Benchmarks were run on a MacBook Pro M1. Trees are parsed **once** and bitset snapshots are reused across all pairwise comparisons. Parallelism is provided by [`rayon`](https://github.com/rayon-rs/rayon) — no manual thread management needed.

<details>
<summary><strong>Show full benchmark table</strong></summary>

| Taxa (N) | Trees (T) | Combinations | Est.
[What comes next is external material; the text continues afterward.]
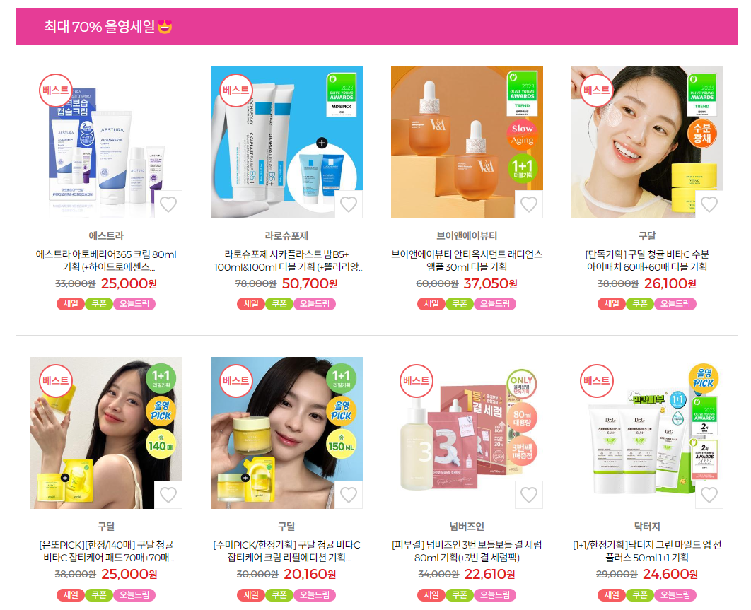 단, 7일 간만 최대 70% 세일하는 올리브영 세일이 어제오늘 포털 검색량이 뜨겁다.
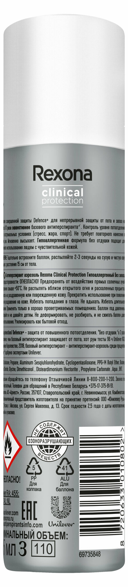 Антиперспирант Аэрозоль Rexona Clinical Protection Гипоаллергенный без Запаха 150мл 8720633009974

Memory | Actual Memory   | Wall Time        | CPU Time         |
| -------- | --------- | ------------ | ----------- | --------------- | ---------------- | ---------------- |
| 10       | 100       | 10.0K        | 51.56 KB    | 64.00 KB        | 391.71 µs        | 1.77 ms          |
| 10       | 1000      | 1.0M         | 515.62 KB   | 448.00 KB       | 1.16 ms          | 9.52 ms          |
| 10       | 10000     | 100.0M       | 5.04 MB     | 5.02 MB         | 81.86 ms         | 757.66 ms        |
| 10       | 100000    | 10.0B        | 50.35 MB    | 52.42 MB        | 8.17 s (est)     | 1.27 min (est)   |
| 100      | 100       | 10.0K        | 481.25 KB   | 464.00 KB       | 230.54 µs        | 1.45 ms          |
| 100      | 1000      | 1.0M         | 4.70 MB     | 1.17 MB         | 42.00 ms         | 147.22 ms        |
| 100      | 10000     | 100.0M       | 47.00 MB    | 38.42 MB        | 1.78 s           | 14.75 s          |
| 100      | 100000    | 10.0B        | 469.97 MB   | 451.47 MB       | 2.77 min (est)   | 25.29 min (est)  |
| 500      | 100       | 10.0K        | 4.59 MB     | 80.00 KB        | 1.61 ms          | 14.18 ms         |
| 500      | 1000      | 1.0M         | 45.90 MB    | 25.95 MB        | 165.58 ms        | 1.46 s           |
| 500      | 10000     | 100.0M       | 458.98 MB   | 399.44 MB       | 19.75 s          | 2.87 min         |
| 500      | 100000    | 10.0B        | 4.48 GB     | 4.51 GB         | 31.75 min (est)  | 294.98 min (est) |
| 1000     | 100       | 10.0K        | 15.27 MB    | 5.30 MB         | 4.69 ms          | 44.25 ms         |
| 1000     | 1000      | 1.0M         | 152.71 MB   | 126.77 MB       | 660.03 ms        | 5.30 s           |
| 1000     | 10000     | 100.0M       | 1.49 GB     | 1.44 GB         | 1.13 min         | 9.72 min         |
| 1000     | 100000    | 10.0B        | 14.91 GB    | 9.41 GB         | 111.42 min (est) | 983.70 min (est) |
| 2000     | 100       | 10.0K        | 54.94 MB    | 34.56 MB        | 23.11 ms         | 182.28 ms        |
| 2000     | 1000      | 1.0M         | 549.44 MB   | 480.02 MB       | 2.89 s           | 19.48 s          |
| 2000     | 10000     | 100.0M       | 5.37 GB     | 5.10 GB         | 3.92 min         | 34.76 min        |
| 2000     | 100000    | 10.0B        | 53.66 GB    | Skipped (>30GB) | -                | -                |
| 5000     | 100       | 10.0K        | 316.63 MB   | 299.31 MB       | 270.13 ms        | 2.09 s           |
| 5000     | 1000      | 1.0M         | 3.09 GB     | 3.06 GB         | 27.61 s          | 4.05 min         |
| 5000     | 10000     | 100.0M       | 30.92 GB    | Skipped (>30GB) | -                | -                |
| 5000     | 100000    | 10.0B        | 309.21 GB   | Skipped (>30GB) | -                | -                |

</details>

> **Note:** Weighted RF and KF produce floating-point matrices; RF produces integer matrices.

---

## 🔍 Troubleshooting

- **No trees parsed?** Verify the input is a valid NEXUS `.trees` file and adjust `--burnin-*` settings.
- **Piping to other tools?** Use `-q` to suppress timing messages on stdout.
- **Gzipped output not working?** Ensure the output filename ends with `.gz`.

---

## ⚖️ License

`rapidtrees` is provided under the [MIT License](LICENSE).